No great flood

One of the suggested stories for the basis of Noah's Ark is the flooding of the Black Sea region (I know there are others though this is the one I am on about here).
So what if the Black Sea area doesn't flood and remains looking like this -
http://en.wikipedia.org/wiki/Image:Black-sea-hist.png

What effect would this have on classical civilization and beyond?
I see major effects for the Greeks (assuming they come along).
WI a major civilization grows up next to this fresh water lake squashed between the Persians and Greeks?
 
Anybody wanting to sail between the Aegean and the Black Sea Lake would have to drag their ships overland between or portage. There would likely be much profit for whoever controlled the portage route between. Portaging might be easier if the Sea of Marmara was a lake rather than a dry hollow.

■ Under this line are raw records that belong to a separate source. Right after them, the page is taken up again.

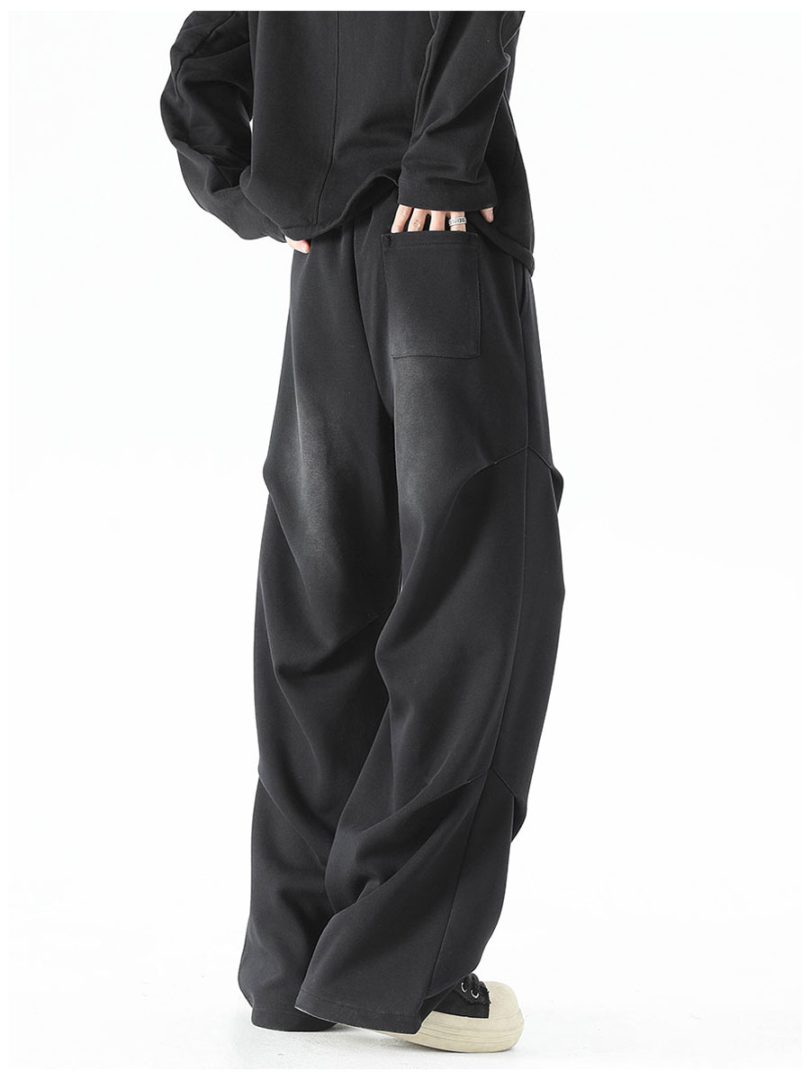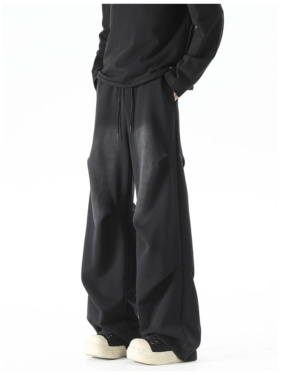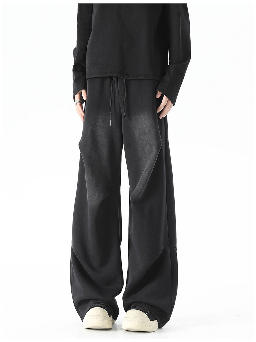 Huitoulv Winter Washed Heavyweight Sweatpants for Men, American Style Trendy Straight-Leg Drape Casual Sports Pants with Fleece Lining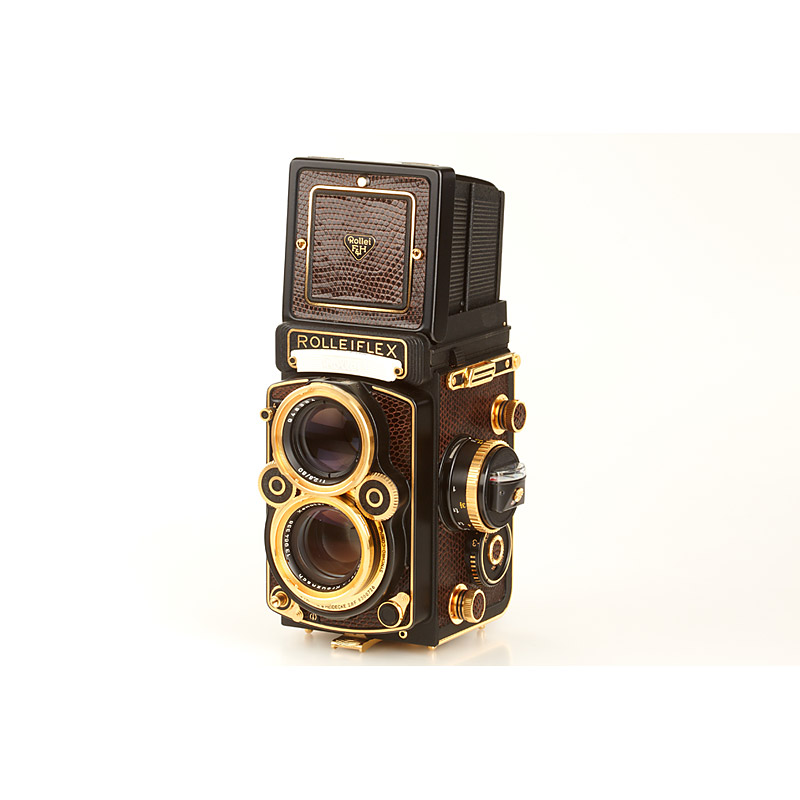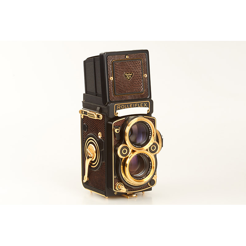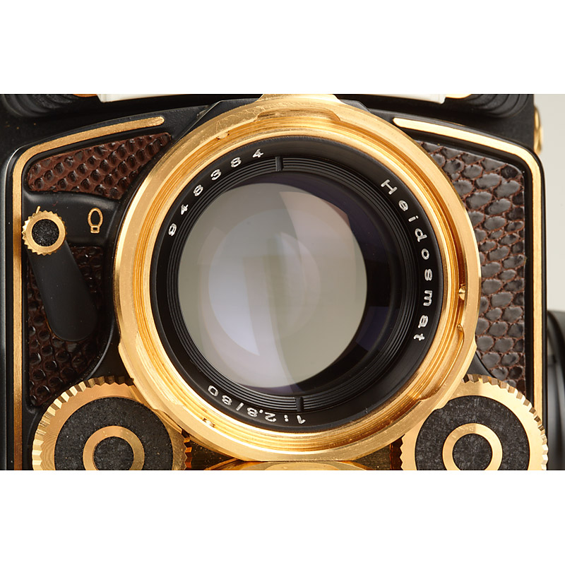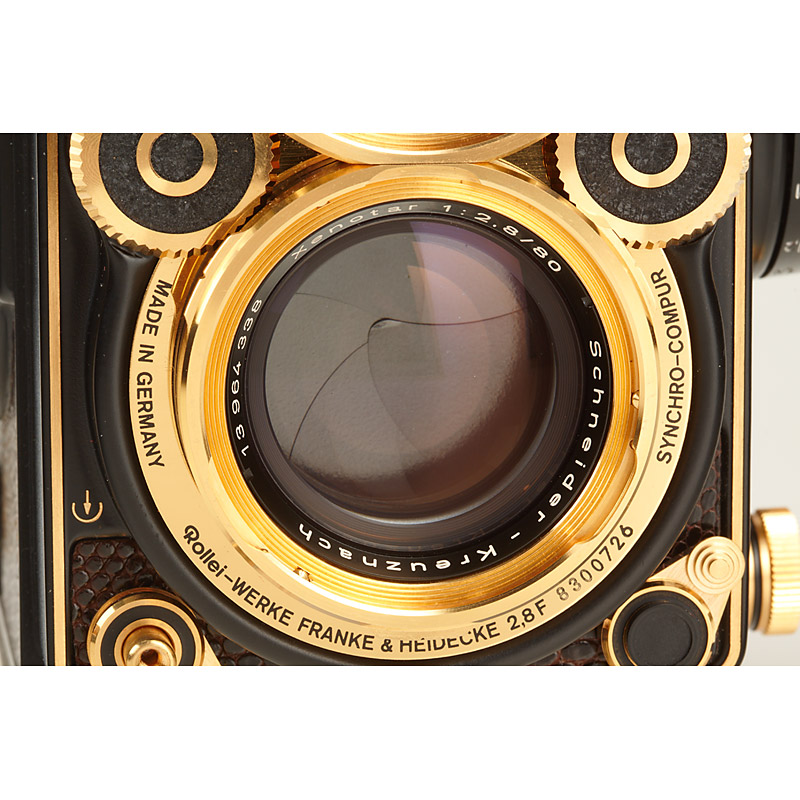 gold plated edition in new condition with Xenotar 2.8/80mm no.13964338, wooden box, strap, cap, instructions, maker's box and outer cardboard box
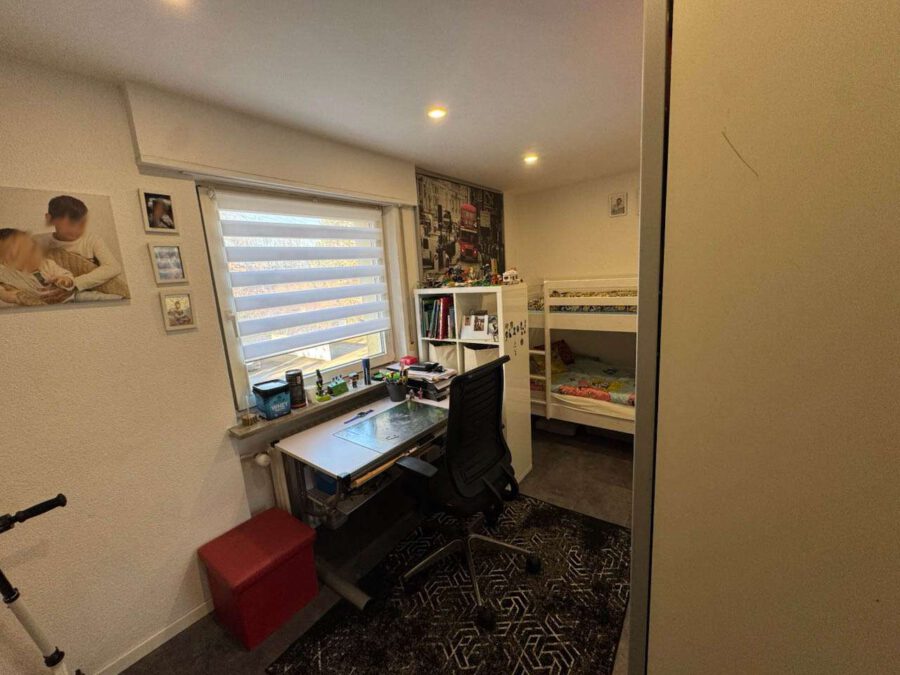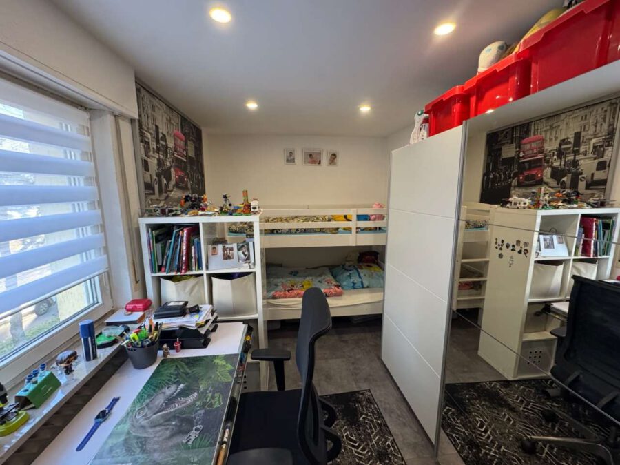 Das Kinderzimmer ist tief geschnitten und bietet ausreichend Platz für Bett, Schrank und Schreibtisch. Auch das Schlafzimmer ist großzügig dimensioniert und erlaubt eine komfortable Möblierung mit Doppelbett, großem Kleiderschrank sowie zusätzlichen Möbeln wie etwa einem Home-Office Platz. Ein doppelt verglastes Doppelfenster sorgt hier für gute Lichtverhältnisse. Praktisch ergänzen zusätzliche Steckdosen in einer Wandnische die Nutzungsmöglichkeiten.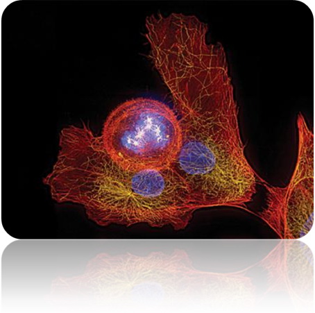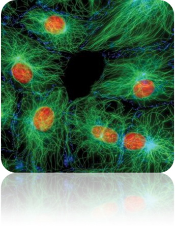 Here is Jan Schmoranza (Sch-moranzer Jan), the Columbia University, the cell membrane of the cells treated by serum starvation, and the structure of the microtubules (green). From the view of the graph, the microtubules of fibroblasts have shown abnormal behavior. The diameter of the microtubules is about 20nm, usually, when there is a gap in the cell membrane, the microtubules will aggregate at the breach, but the situation is not the case. In the interphase cell, Duke U - serdar, Tulu (U. serdar Tulu) in 138 mu m wide horizons captured the chromosome (blue) around is the formation of microtubules (yellow, below).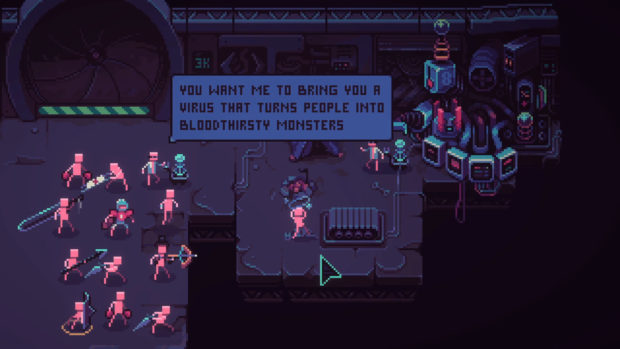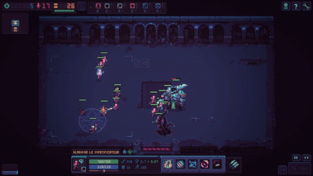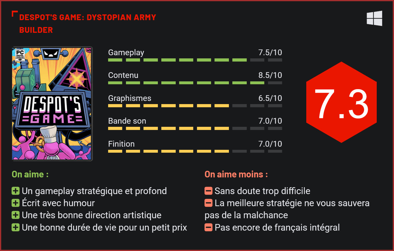 Après un premier titre sorti en 2018, Konfa Games propose cette fois Despot’s Game: Dystopian Army Builder, un mélange de stratégie et de rogue-like très convaincant. Les joueurs ont déjà pu s’y essayer dans une démo lors du Steam Game Festival au début de l’année, Despot’s Game débarque en ce mois d’octobre en accès anticipé. Développé par un studio du nom de Konfa Games et édité par tinyBuild, il s’agit d’un savant mélange de jeu de stratégie et de rogue-like. Despot’s Game: Dystopian Army Builder est le successeur d’un autre titre nommé Despotism 3k, sorti en 2018. Il s’agissait d’un jeu de gestion dans lequel nous incarnions une intelligence artificielle devant exploiter des humains. Despot’s Game reprend beaucoup de son prédécesseur. Son ambiance, de nombreux éléments graphiques ou encore son écriture teintée d’humour noir, tout cela était déjà dans le premier titre. Mais cette fois, il est question de prendre le contrôle des humains, forcés à participer à un jeu morbide par cette même intelligence artificielle. Ceux-ci doivent sortir sain et sauf d’un donjon où rôdent toutes sortes de monstruosités. Si le nombre d’humains qui composent notre armée est modeste au départ, celui-ci va vite augmenter. Nous devons donc gérer une troupe d’humains dans un donjon généré procéduralement. La majorité des salles abritent des monstres que les humains seront forcés d’affronter pour pouvoir progresser. Ces affrontements se font automatiquement une fois le bouton dédié enfoncé. Entre les combats, nous avons tout de même la possibilité de disposer nos unités comme bon nous semble sur le terrain. Il faut forcément prendre en considération qui sera envoyé en tête de notre armée. Une fois le combat terminé et quelques deniers empochés, certaines salles donnent accès à des magasins permettant d’acheter des armes mais aussi, et surtout, des humains pour venir renforcer vos rangs. En leur équipant une arme, ceux-ci prennent une des dix classes du jeu, des classes plutôt classiques de RPG tel que Tank, Mages, Soigneurs… Chacune des classes possède ses propres atouts et avoir plusieurs personnages avec des armes différentes de la même classe permet d’obtenir des effets passifs importants. À cela viennent s’ajouter les mutations, des effets passifs que l’on peut soit trouver dans certaines salles des donjons, soit acheter dans un arbre de compétence. Des effets qui peuvent s’appliquer à certaines classes ou à l’entièreté de l’équipe. Il faut également faire attention à notre réserve de nourriture qui se consomme à chaque changement d’écran. Avoir 10 humains dans notre armée consomme donc 10 unités de nourriture à chaque salle et va donc demander de se réapprovisionner souvent, et ce à l’aide de la même monnaie que pour les armes, humains et mutations. Notez qu’il est également possible de sacrifier des humains pour obtenir de la nourriture. Certains étages possèdent des événements qui peuvent rapporter gros. Chaque étage se termine par un boss qui, une fois vaincu, nous donne accès à une nouvelle zone. Tous les débuts de zone sont l’occasion d’un événement textuel qui donnera différents effets selon nos choix. Des évènements souvent écrits avec humour, parfois un peu d’humour noir, et bourrés de références aux jeux vidéo et à la pop culture. Cet aspect caractérise d’ailleurs une bonne partie du jeu. Derrière ses créatures au design apocalyptique, le titre fait preuve de beaucoup d’humour dans son écriture et dans le design des différentes classes d’humains. Despot’s Game est entièrement réalisé en pixel art et se montre très convaincant. Si l’apparence des humains paraît simpliste, les ennemis et autres personnages ont un design beaucoup plus travaillé. Les animations sont aussi très fluides et détaillées. Très rythmé, la bande-son propose de très bonnes compositions aussi, même si elles sont peu nombreuses. Le gameplay montre une bonne dose de profondeur grâce aux différentes possibilités qu’offrent les classes et les mutations. Il est, en général, préférable de se concentrer sur quelques classes et de trouver une synergie qui fonctionne, au lieu de jouer tout en même temps. Les différentes mutations exploitent bien les mécaniques du jeu et le titre devient vite addictif. Despot’s Game est bien plus proche d’un rogue-like que d’un rogue-lite, entendez par là que l’on progresse très peu entre les parties et que chaque game over nous demande de tout reprendre à zéro. Le titre devient vite très exigeant. Cet aspect amène forcément une petite frustration après une partie qui a peut-être duré plus d’une heure. L’autre élément frustrant du jeu c’est sa difficulté particulièrement impitoyable, et ce même en mode facile. Si terminer une run ne prend que quelques heures, y parvenir va demander de bien gérer ses dépenses et de réfléchir à la composition de son équipe. Mais plus que tout, ce qui semble important pour réussir c’est la chance de tomber sur de bons événements et sur de bonnes mutations. Malheureusement, la chance prévaut sur la stratégie. Il faudra également composer avec une traduction française encore incomplète mais qui devrait se finaliser dans les temps à venir. Le titre ne propose pas une densité de contenu très importante mais permet tout de même de débloquer des variations intéressantes de la formule de base et de comparer son armée à celle des autres joueurs une fois arrivé au bout du donjon. Despot’s Game n’est pas, pour l’instant, un de ces rogue-like qui vous tiendra durant des centaines d’heures, mais sa durée de vie est déjà très correcte pour le prix auquel il est proposé. Conclusion Successeur spirituel de Despotism 3k, Despot’s Game: Dystopian Army Builder est le nouveau titre du studio Konfa Games. Dans Despot’s G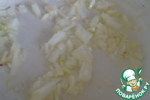 Лук измельчить и обжарить до легкой золотистой корочки на оливковом масле.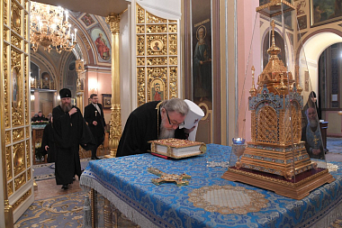 Гости проследовали в храм Покрова Пресвятой Богородицы, где поклонились мощам святой праведной блаженной Матроны Московской и прочитали молитву святой.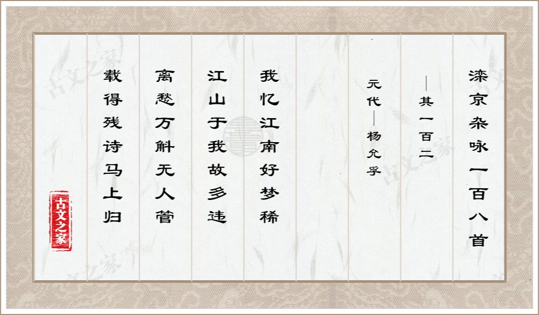 说明:古文之家的工作重心是对古诗文进行校对并注音,我们所提供的译文、注释均来自互联网收集聚合,仅供参考,文章所涉及的字、词发音请以拼音版作为主要参考。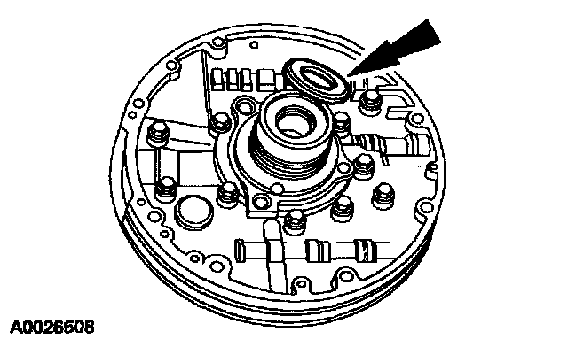CAUTION: Fully seat the front pump assembly using band pressure only. Do not use bolts to draw the front pump assembly into the case.
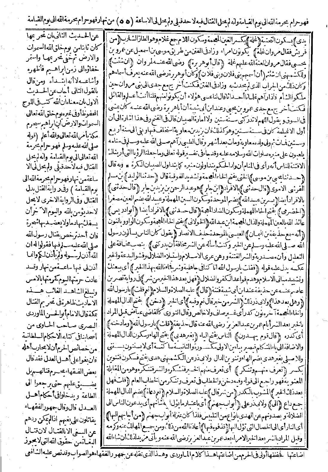 (نعم) (قلت) يا رسول الله (وهل بعد هذا) ولأبي ذر ذلك (الشر من خير؟ قال: نعم وفيه) أي الخير (دخن) بفتح الدال المهملة والخاء المعجمة آخره نون كدر أي غير صاف ولا خالص. وقال النووي كالقاضي عياض قيل المراد بالخير بعد الشر أيام عمر بن عبد العزيز -رضي الله عنه-. قال حذيفة (قلت) يا رسول الله (وما دخنه؟) أي كدره (قال): (قوم يهدون) الناس بفتح الياء (بغير هديي) بفتح الهاء وسكون الدال المهملة والإضافة إلى ياء المتكلم فيصير بياءين الأولى مكسورة والثانية ساكنة أي لا يستنون بسنتي، وللأصيلي بغير هُدى بضم الهاء وتنوين الدال، ولأبي ذر عن الكشميهني: هدى بفتح فسكون فتنوين بكسر (تعرف منهم وتنكر) أي تعرف منهم الخير فتشكره والشر فتنكره وهو من المقابلة المعنوية فهو راجع إلى قوله: وفيه دخن، والخطاب في تعرف وتنكر من الخطاب العام. (قلت: فهل بعد ذلك الخير) المشوب بالكدر (من شر؟ قال): عليه الصلاة والسلام (نعم دعاة) بضم الدال المهملة جمع داع (إلى) ولأبي ذر على (أبواب جهنم) أي باعتبار ما يؤول إليه شأنهم أي يدعون الناس إلى الضلالة ويصدونهم عن الهدى بأنواع من التلبيس، فلذا كان بمنزلة أبواب جهنم (من أجابهم إليها) أي النار أي إلى الخصال التي تؤول إليها (قذفوه فيها) أعاذنا الله من ذلك ومن جميع المهالك بمنّه وكرمه. وقيل: المراد بالشر بعد الخير الأمر بعد عمر بن عبد العزيز -رضي الله عنه-. ويأتي مزيد لذلك إن شاء الله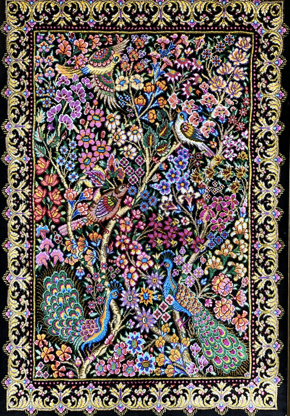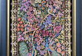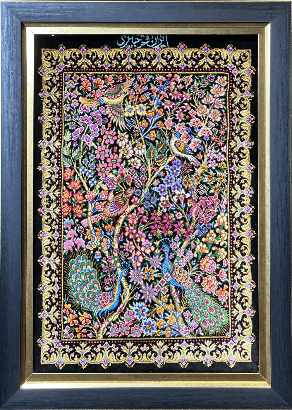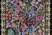 تابلو فرش دستباف کوچک پارچه قم (نقشه باغ پرندگان مشکی)

Also, no defensive moat between Thrace and Anatolia.
 
Water vs Land transport

You could sail all the way to the Channel, go up the Rhine to the Main, portage twenty miles there, go all the way down the Danube to the Black sea, portaging around the Iron Gates, and still beat the overland trade cost. Or maybe not. It is a long way to the Channel, and then rowing upriver on the Rhine and the Main....but it's all downhill from there!
If the Sea of Marmara was there, then it's cheaper to portage the twenty miles than the 100 necessary to cross the dry lake bed of the Marmara.
There is also the question of why the Black Sea would be smaller, since in OTL it is brackish. Wouldn't it be overflowing into the Mediterranean by now? And stretching over to the Caspian and Aral seas?
 
One writer suggests that the initial dispersal of the Proto-Indo-European was caused by the flooding, people along the Black Sea were refugees from this flood, spreading agriculture and other learning through out the region.
 
I think that might be a bit far to drag ships over land, I'll stab at it being like dragging your ship right over Italy.